If it worked, it would have been a tremendous win for all involved. It's too bad that online-lending pioneer botched the execution of that concept. Sure, any start-up will have growing pains. It's how a company responds and adapts to those pains that really matters.

On that count, Prosper has earned an F.

Perjury or fraud?
The most egregious misstep by the company happened in May of this year. In a filing in United States bankruptcy court, Prosper denied it directly loaned money to either a man who was declaring bankruptcy or to his wife, whom he accused of stealing his identity. Instead, Prosper claimed that it was acting as the authorized agent of individual lenders who loaned the money.

That may seem straightforward, but it's actually directly contrary to the contract that Prosper had with the people who bought the loans it originated. Prosper may call those folks "lenders," but as the contract states, Prosper was the lender and the people it called lenders were really loan purchasers.

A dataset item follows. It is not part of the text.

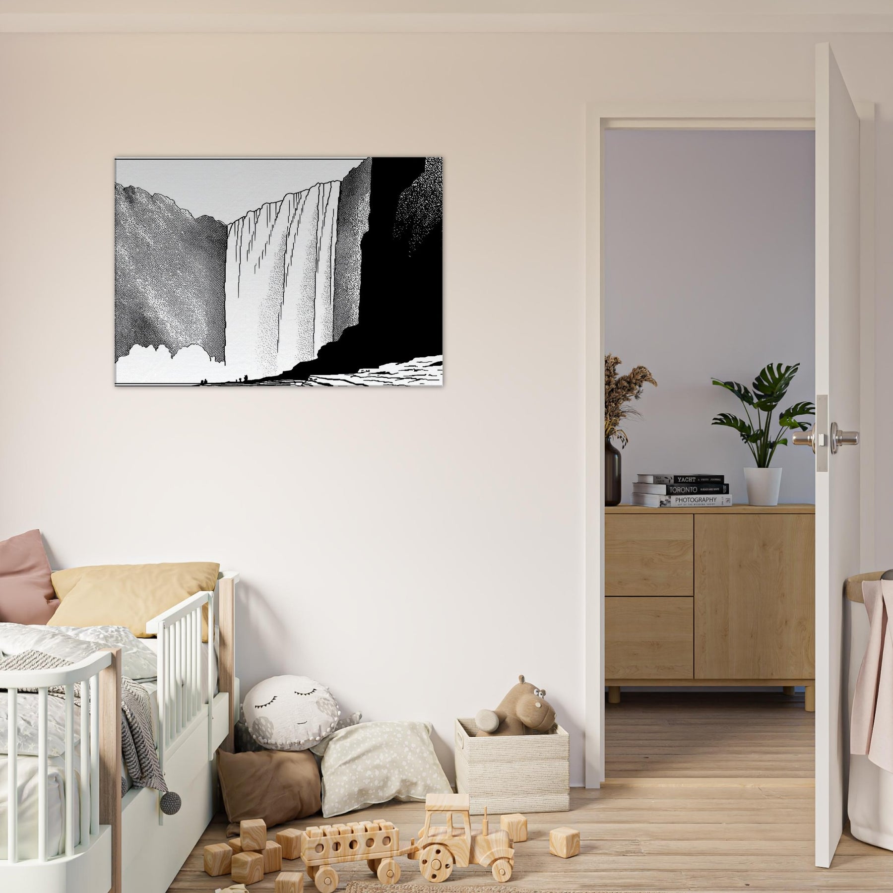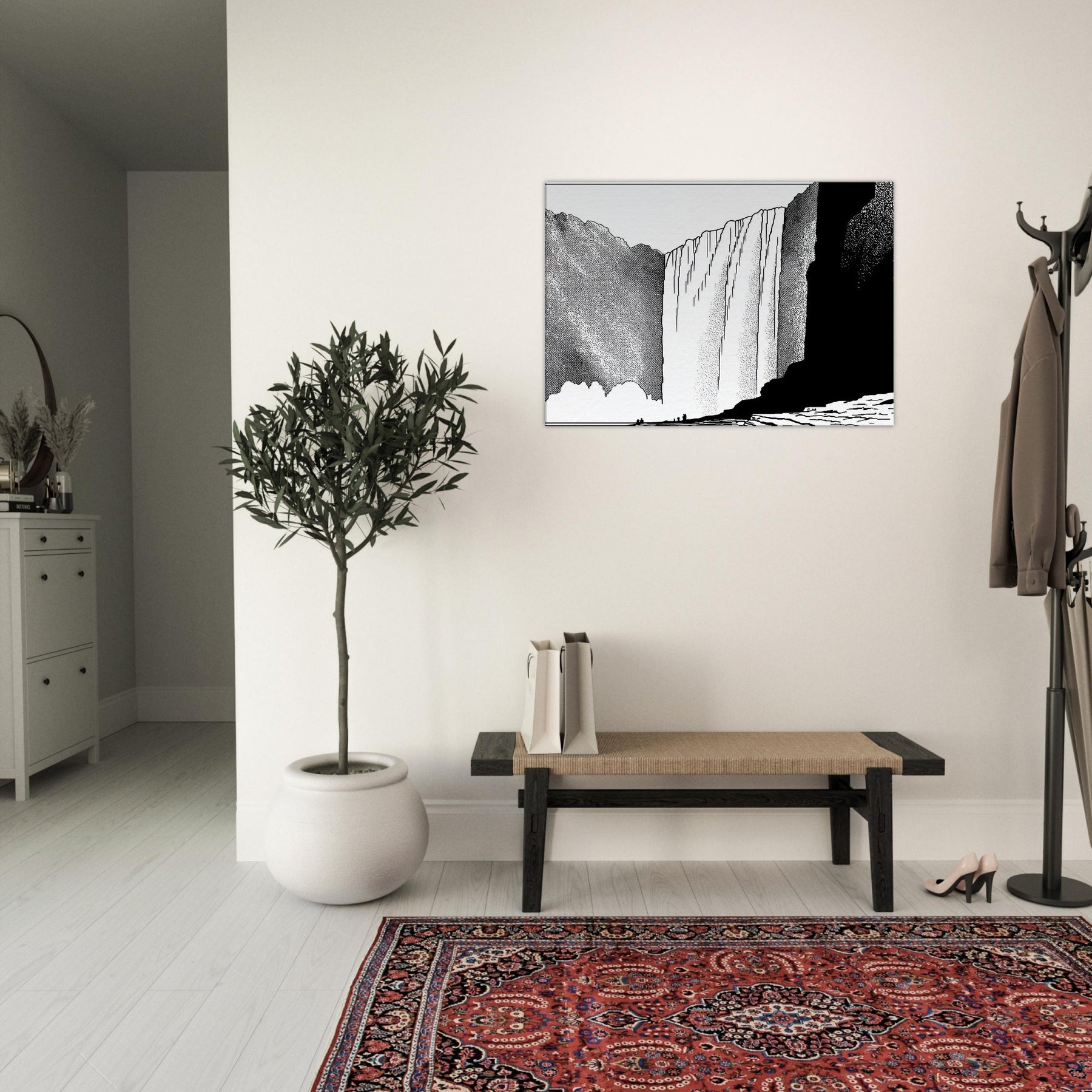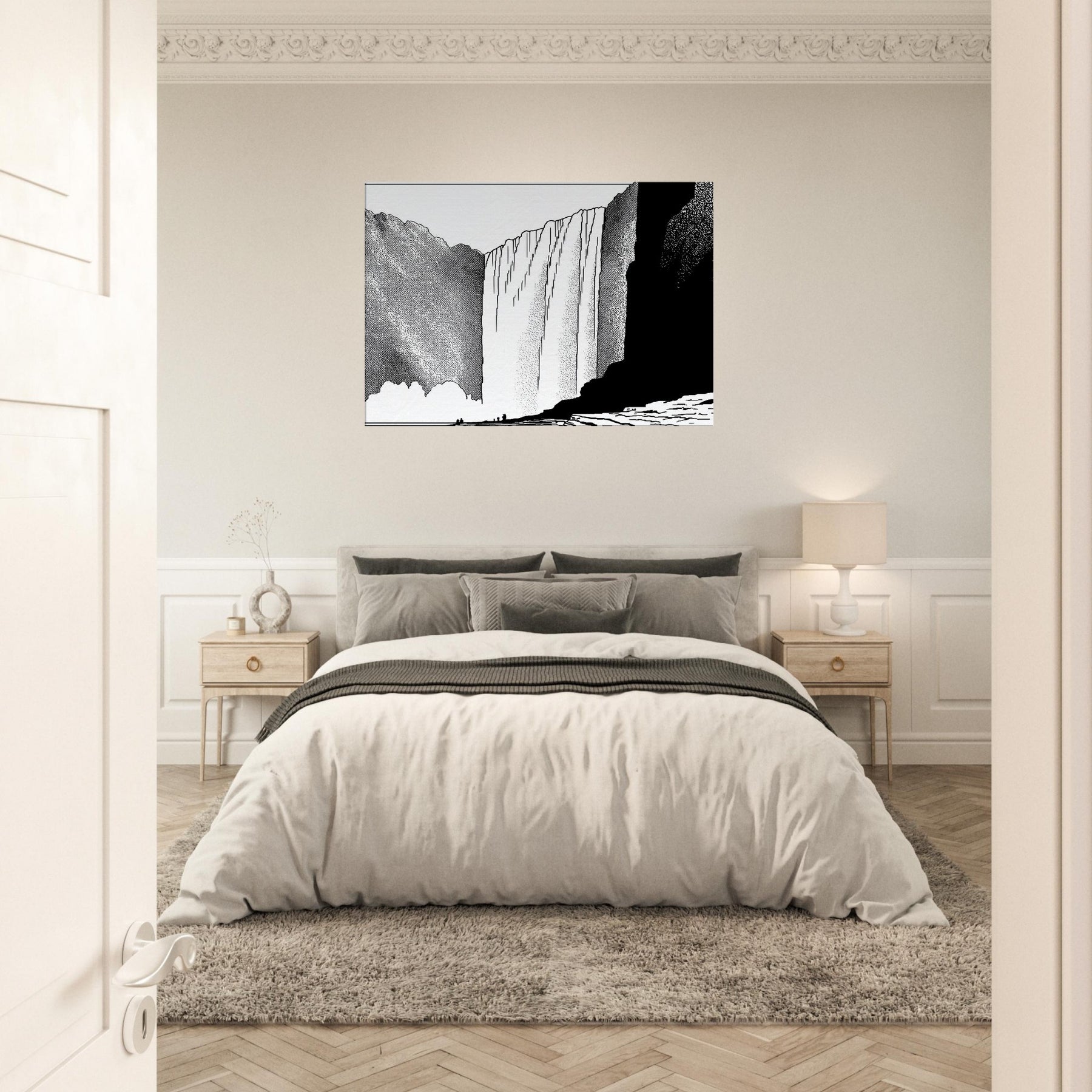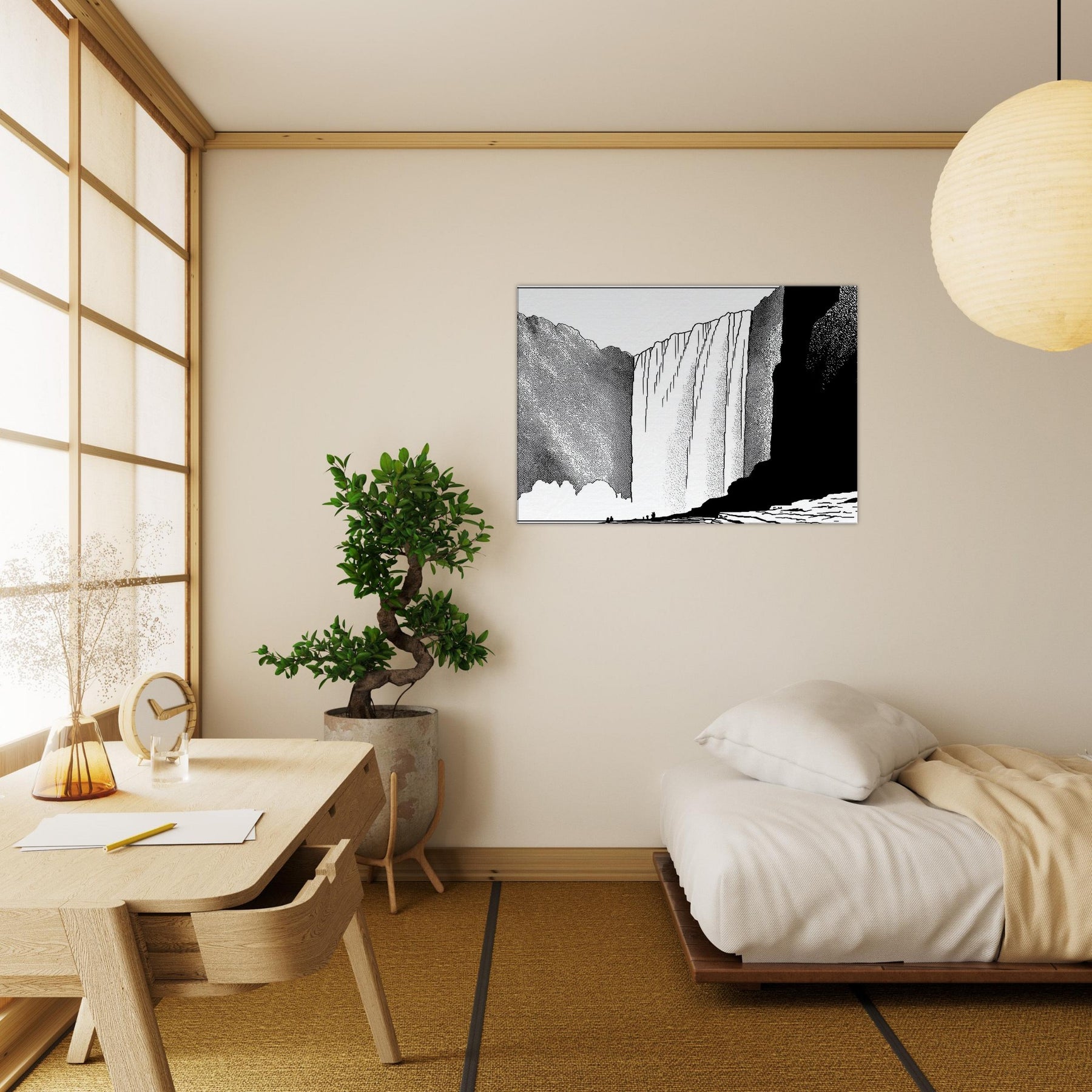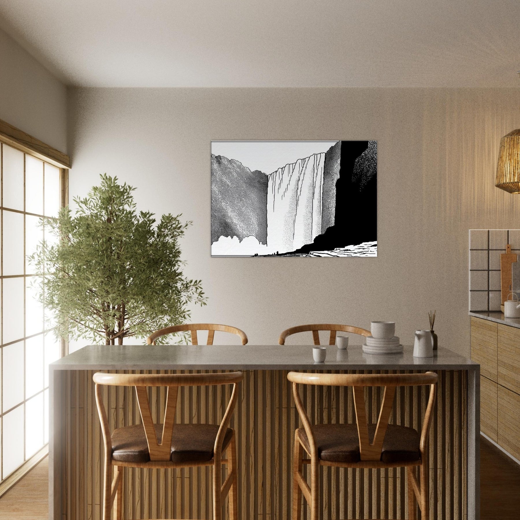 In this minimalist line drawing, a Waterfall becomes a quiet dialogue between motion and stillness. The bold contours carve memory into the air, while delicate stipples suggest mist and distance. The scene invites a breathing pause: cool, damp air imagined on the skin, the sound of water imagined in your room, a subtle hush that amplifies daylight or twilight. Placed in a living room or hallway, this monochrome Waterfall transforms walls into a serene graphic, refined yet alive, perfect for modern, contemplative spaces.
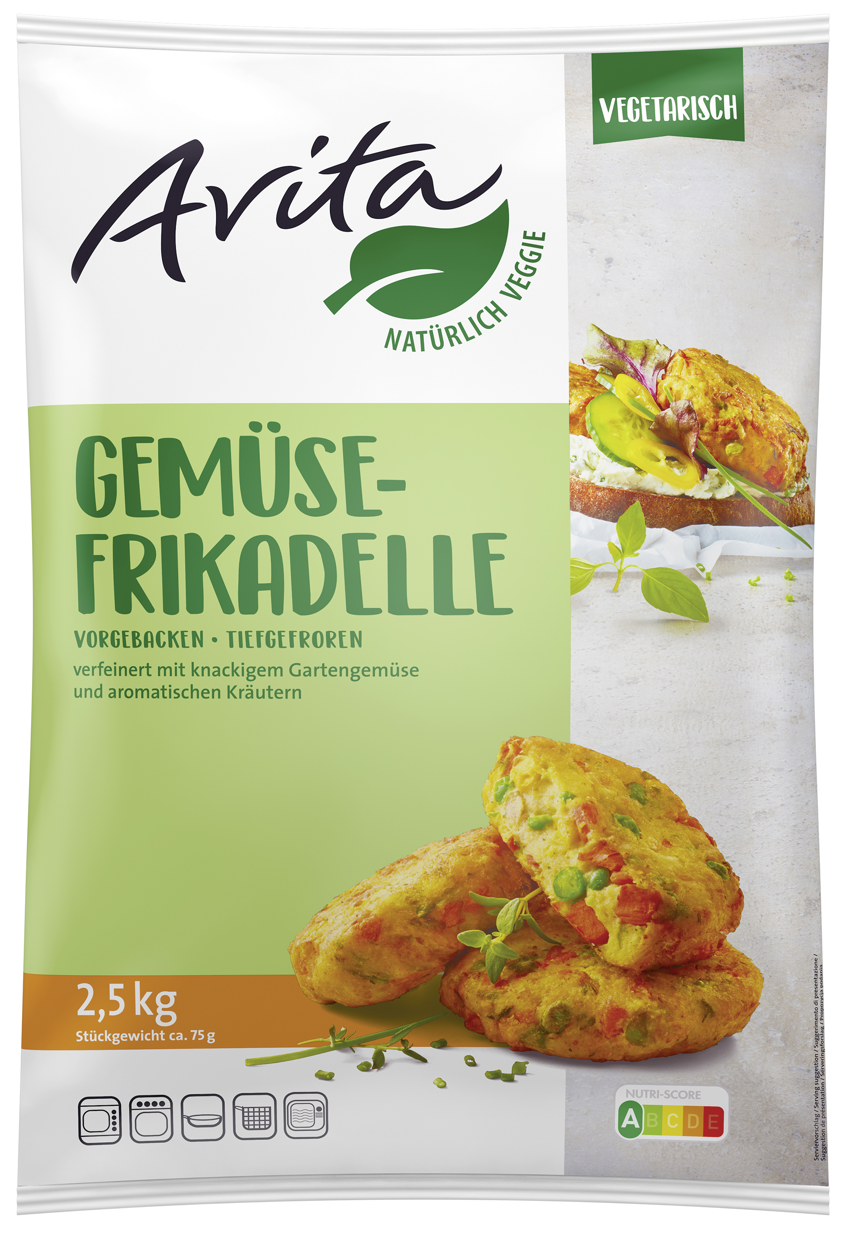 Gemüse-Frikadelle im 75 g-Format: Hergestellt aus hochwertigem Gemüse wie Möhren, Pastinaken, Erbsen, Mais und Kohlrabi. Ohne Panade. VORGEBACKEN

So was Prosper misrepresenting itself to the bankruptcy court, or did it execute phony contracts with the people who purchased loans through its service? Either way, if you were looking to get into the money-lending business, you might think twice about whether that's the kind of company you should want to do business with -- especially since you need to give it personal information like:

  • your name,
  • your Social Security number,
  • your bank account information, and
  • your home address.

Why it really matters
In this particular case, whether it was truly identity theft is tough to discern. If it was, Prosper would be on the hook to buy back the loan through its identity-theft guarantee. That's important to the people who bought the loan from Prosper, but it's truly a secondary concern to the real problem unveiled by Prosper's statement to the court.

The real problem is this: Only Prosper knows the true identity of and has the ability to directly verify any claims (such as income) made by anyone looking to borrow money on its site. With Prosper as the original creditor on its older loans (WebBank originates the newer ones), it has rights to attempt to collect under the Fair Debt Collection Practices Act. By its agreement with its loan buyers, in fact, Prosper does administer collections on loans that go sour.

And far too many of those loans are going sour -- fast. Fully 18.5% of all dollars loaned on Prosper between its inception and the end of June 2008 have gone delinquent. Some individual months look substantially worse: More than 35% of the dollars loaned in February 2007 are in some stage of evaporating.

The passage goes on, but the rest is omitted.